Regression in egprs patch series

Added by pierre.baudry almost 8 years ago. Updated about 3 years ago.

Status:
Closed
Priority:
High
Assignee:
Target version:
-
Start date:
06/02/2016
Due date:
% Done:

0%

Spec Reference:

Description

Original mailing list thread : http://lists.osmocom.org/pipermail/openbsc/2016-May/009125.html / http://lists.osmocom.org/pipermail/openbsc/2016-June/009329.html

I haven't been able to use gprs service since egprs merge (4f8438a6cd0f34bb22493b13154e382983bbda01).

The first issue is the T6169 timeout during TBF assignment. A bissection showed that commit f1a7b8fc6651f92a8b7f3f27b7ca05d07f4e44e0 introduced this specific bug ; but even with this commit reverted, the gprs service is still unreliable.
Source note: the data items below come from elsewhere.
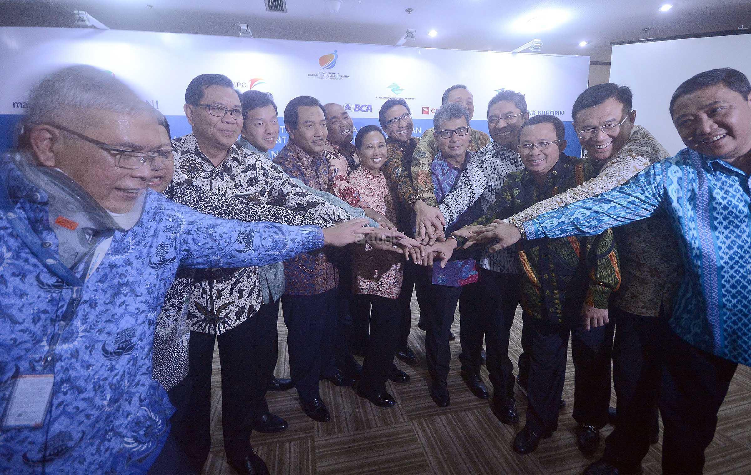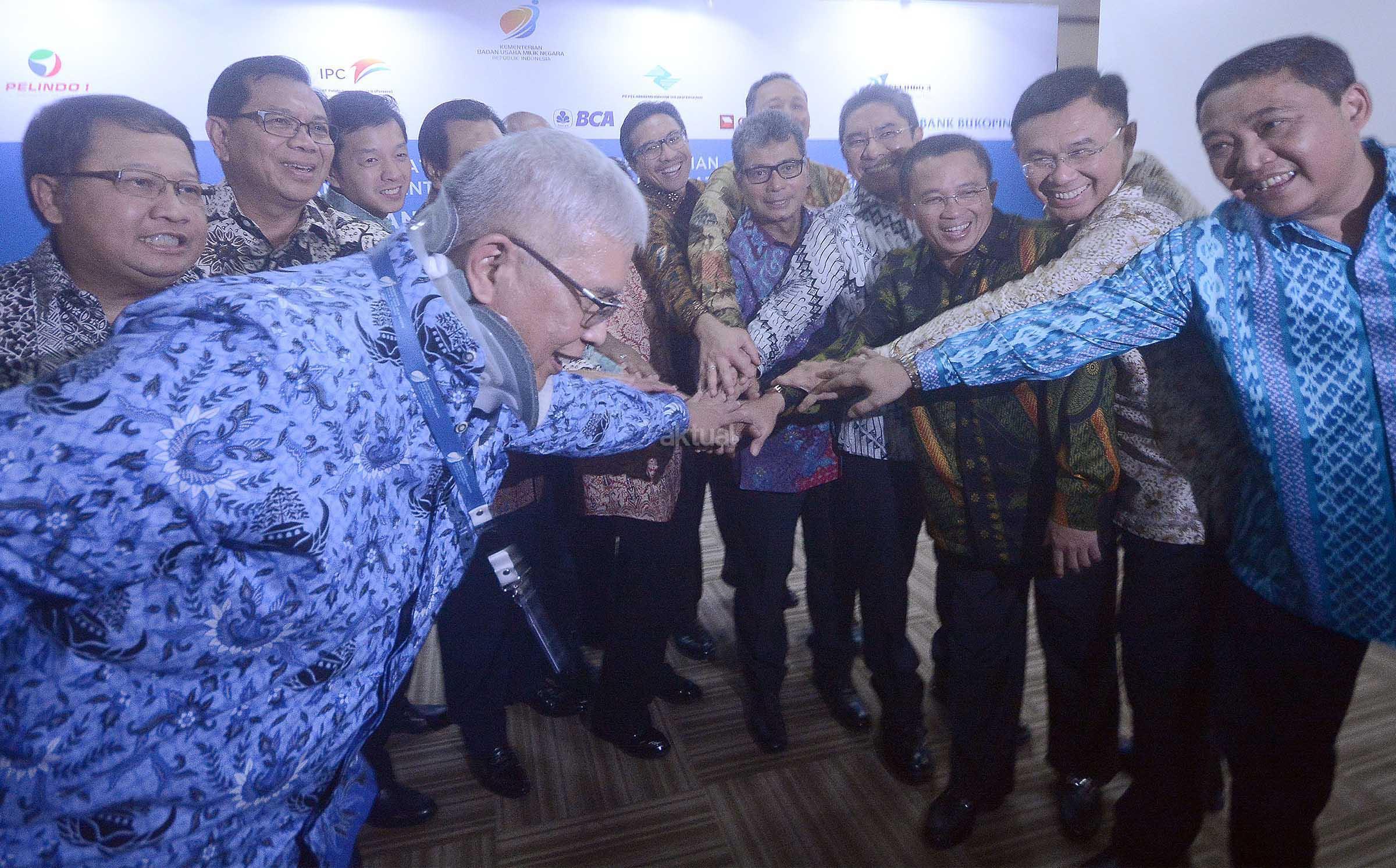 (dari kiri ke kanan) Deputi Bidang Usaha Konstruksi dan sarana prasarana perhubungan kementrian BUMN, Pontas Tambunan, Wadirut Bank Mandiri, Sulaiman A Arianto, Dirut BRI Asmawi Syam, Wadirut BCA, Armand W Hartono, Wadirut BNI, Suprajarto, Dirut Pelindo III, Orias Petrus Moedak, Menteri BUMN, Rini Sumarno, Presdir CIMB Niaga, Tigor M Siahaan, Dirut Bank Bukopin, Glen Glenardi, Wadirut BRI, Sunarso, Dirut Pelindo II, Elvyn G Massasya, Dirut Pelindo I, Bambang Eka Cahyana, dan Dirut BNI, Achmad Baiquni, serta Dirut Pelindo IV, Doso Agung saling bertumpu tangan seusai melakukan penandatangan nota kesepahaman tentang penyediaan dan pemanfaatan layanan cash management dalam rangka mendukung penerapan Integrated Billing System (IBS) di Kantor Kementrian BUMN,Jakarta, Selasa (29/11).MOu ini dilaksanakan dalam rangka sinergi BUMN maupun dengan bank bank swasta terkait penggunaan dan pengembangan jasa dan produk perbankan dalam rangka peningkatan pelayanan dan solusi kepada pengguna jasa kepelabuhan. AKTUAL/Eko S Hilman
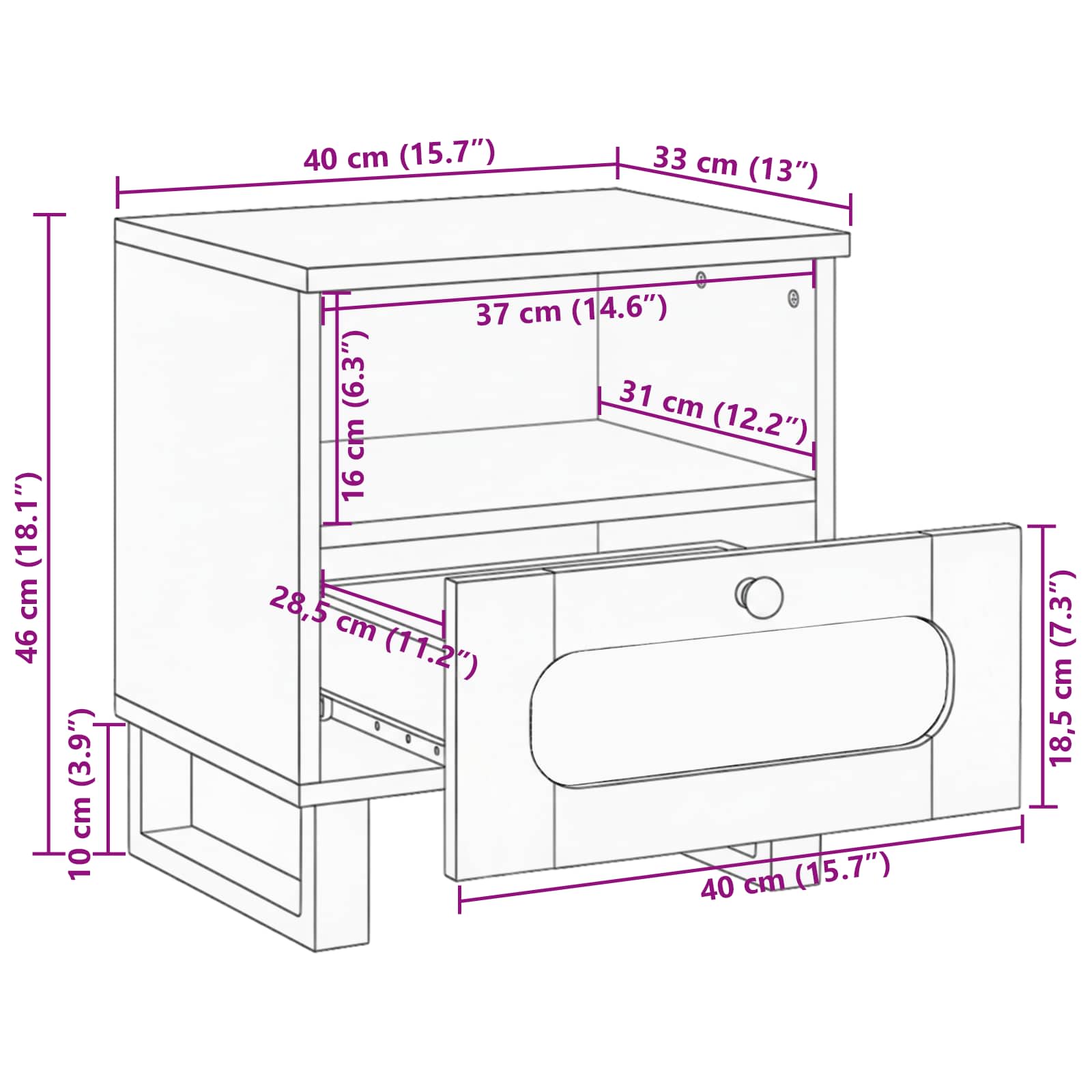 Dieser Nachttisch bringt einen schicken Touch in jedes Schlafzimmer und verbindet dabei Form und Funktion perfekt. Mit seinem schlanken, rechteckigen Design in warmem Braun wertet er jede Inneneinrichtung auf. Perfekt für persönliche Dinge, überzeugt er mit einer hübsch gestalteten Oberfläche aus massivem Mangoholz. Ideal neben deinem Bett platziert, hast du Lampen, Wecker oder Bücher immer griffbereit. Robustes Mango Holz: Dieser Nachttisch aus hochwertigem massivem Mangoholz ist extrem stark und langlebig. Dieses Material ist bekannt für seine Robustheit und zeitlose Anziehung, sodass der Nachttisch dir über viele Jahre treu bleibt. Viel Stauraum: Der Nachttisch wurde mit Funktionalität im Kopf entworfen und hat eine geräumige Schublade für deine persönlichen Dinge. Ob Bücher, Brillen oder abendliche Snacks ? der Platz ist mehr als ausreichend. Kompaktes Design: Mit den Maßen von 40 x 33 x 46 cm bietet der Nachttisch viele Vorteile, ohne deinen Raum zu überladen. Er passt perfekt in kleinere Schlafzimmer, wo große Funktionalität wichtig ist, auch wenn der Platz klein ist. Elegante Ästhetik: Das warme Braun des Nachttischs erhöht seinen Stil und macht ihn vielseitig einsetzbar, passend von modern bis traditionell. Er bringt mühelos Wärme und Eleganz in jede Raumatmosphäre. Durchdachte Merkmale: Dieser Nachttisch ist nicht nur hübsch, sondern auch praktisch. Seine veredelte Rückseite sieht von allen Seiten gut aus und die einfache Montage sorgt dafür, dass du ihn schnell in dein Zuhause integrieren kannst.
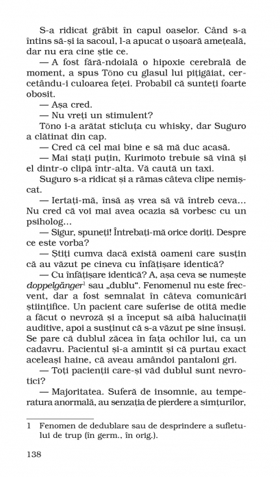 Traducere din limba japoneza si note de Andreea Sion La cei saizeci si cinci de ani ai lui, Suguro este apreciat de cititori, critici si colegi de breasla, desi exista voci care ii ironizeaza rigoarea morala si reticenta in privinta problemelor sexuale. Totul pare sa arate ca il asteapta o batrinete linistita alaturi de sotia sa, dar acest scenariu se spulbera in clipa in care o femeie il acuza ca felul cum traieste contrazice flagrant ideile pe care se intemeiaza scrierile sale, denuntindu-l drept un client asiduu al bordelurilor si sex-shopurilor din Tokyo. Amenintat de un ziarist razbunator cu declansarea unui adevarat scandal in presa, Suguro este nevoit sa dezlege misterul acestei acuzatii si descopera astfel existenta unui dublu al sau, un „geaman malefic” cu inclinatii sadomasochiste.
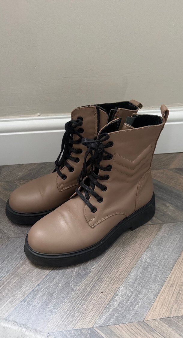 Bej deri kadın bot, platform topuklu ve bağcıklı tasarıma sahip. Sokak stiline uygun, günlük kullanıma ideal.
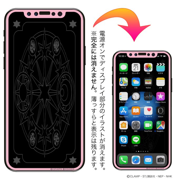 バックライトOFFでキャラが現れるiPhone用保護ガラス

I am now bissecting d87e1d6ab747423d3668c74d16201a5d967accf0..f1a7b8fc6651f92a8b7f3f27b7ca05d07f4e44e0 and testing at each step connection and reliability on a end user device.

un-duplicating issues:

  • Please refer to #1756 for why the WAIT_ASSIGN state in f1a7b8fc66 breaks GPRS completely.
  • Discuss reliability after revert of f1a7b8fc66 here.

Related issues

Related to OsmoPCU - Bug #1756: regression: "tbf: Add state WAIT_ASSIGN"Closedlaforge06/16/2016

Actions
Related to OsmoGSMTester - Feature #2820: test GPRS with two (or more) subscribersResolvedpespin01/07/2018

Actions
Related to OsmoPCU - Bug #2890: OsmoPCU TTCN-3 test suite not executed by jenkinsResolvedlaforge01/27/2018

Actions
Actions #1

Updated by neels over 7 years ago

  • Related to Bug #1756: regression: "tbf: Add state WAIT_ASSIGN" added
Actions #2

Updated by neels over 7 years ago

  • Description updated (diff)

Pierre, do you have any details on how the GPRS becomes unreliable even after the revert?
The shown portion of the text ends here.